Start of Data excerpt

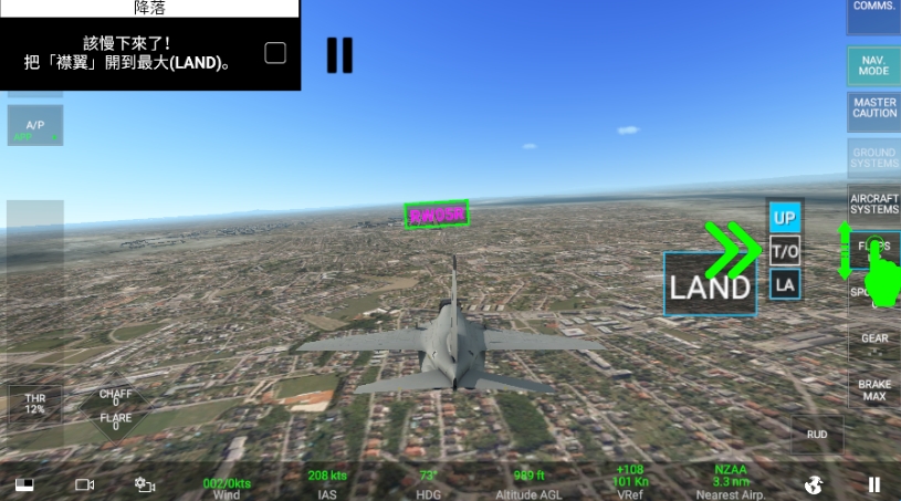 5、整个过程中需要控制好机身,不要倾斜,与地面成平行姿态,因为开启了辅助功能,所以最好不要操控飞机的方向,除了对准跑道,随后按住屏幕右侧的“FLAPSUP”,向下滑动,到LA。
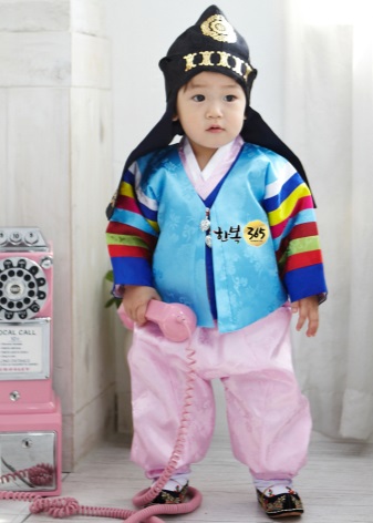 The suit for the boy on his first anniversary is a pink or blue jacket called zhogori and a long blue cloak called kory. The girl is characterized by an outfit consisting of a colored jacket in a strip or a festive tane jacket, which for some time has been popular among the people of Korea.
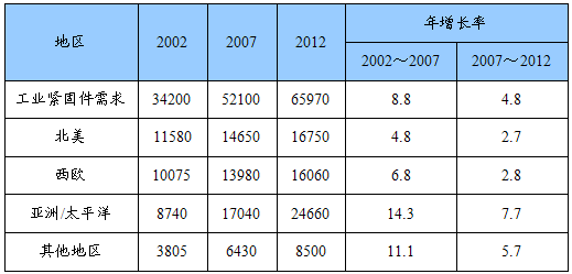 许多其它耐用品产量将提高,为紧固件供货商带来了商机,然而,总体市场增长将在某程度上受到制约,一方面有来自粘合剂和其它可选择的连接技术的竞争,另一方面,居民住房建设缓和下来。
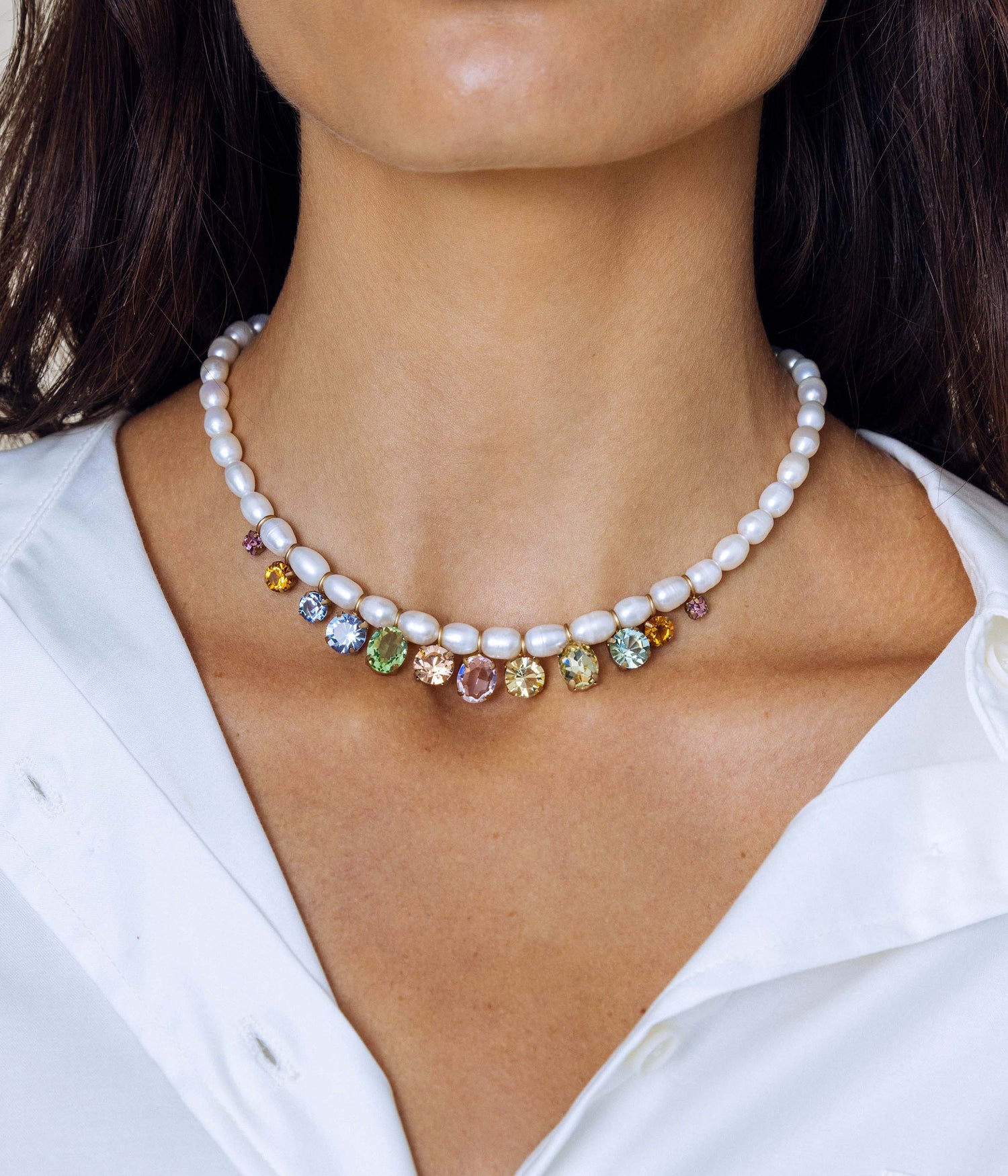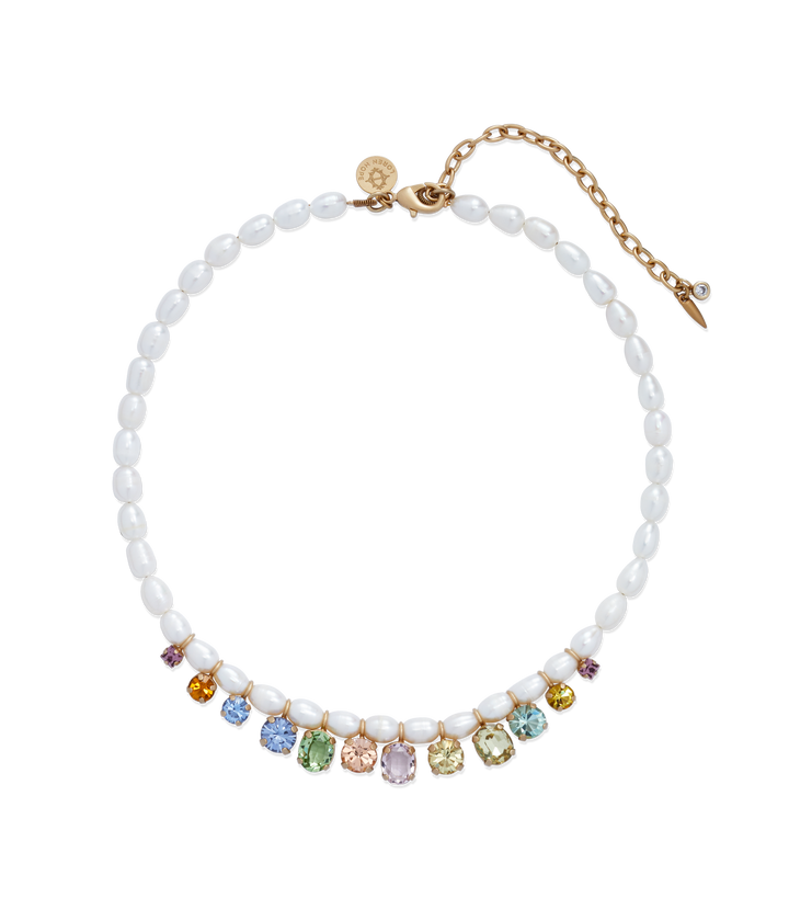 Handcrafted with hand-set glass stones, freshwater pearls, and an 18K gold finish over brass. Measures 15.5" with a 3.5" extender. Ships in a signature Loren Hope dust bag.

End of Data excerpt

• _What the exercise asks_: The answer is to be the lines of the listing from the first through the one with "许多其它耐用品产量将提高,为", reproduced exactly, without any pictures.

• _Written reply_:
 5、整个过程中需要控制好机身,不要倾斜,与地面成平行姿态,因为开启了辅助功能,所以最好不要操控飞机的方向,除了对准跑道,随后按住屏幕右侧的“FLAPSUP”,向下滑动,到LA。
 The suit for the boy on his first anniversary is a pink or blue jacket called zhogori and a long blue cloak called kory. The girl is characterized by an outfit consisting of a colored jacket in a strip or a festive tane jacket, which for some time has been popular among the people of Korea.
 许多其它耐用品产量将提高,为紧固件供货商带来了商机,然而,总体市场增长将在某程度上受到制约,一方面有来自粘合剂和其它可选择的连接技术的竞争,另一方面,居民住房建设缓和下来。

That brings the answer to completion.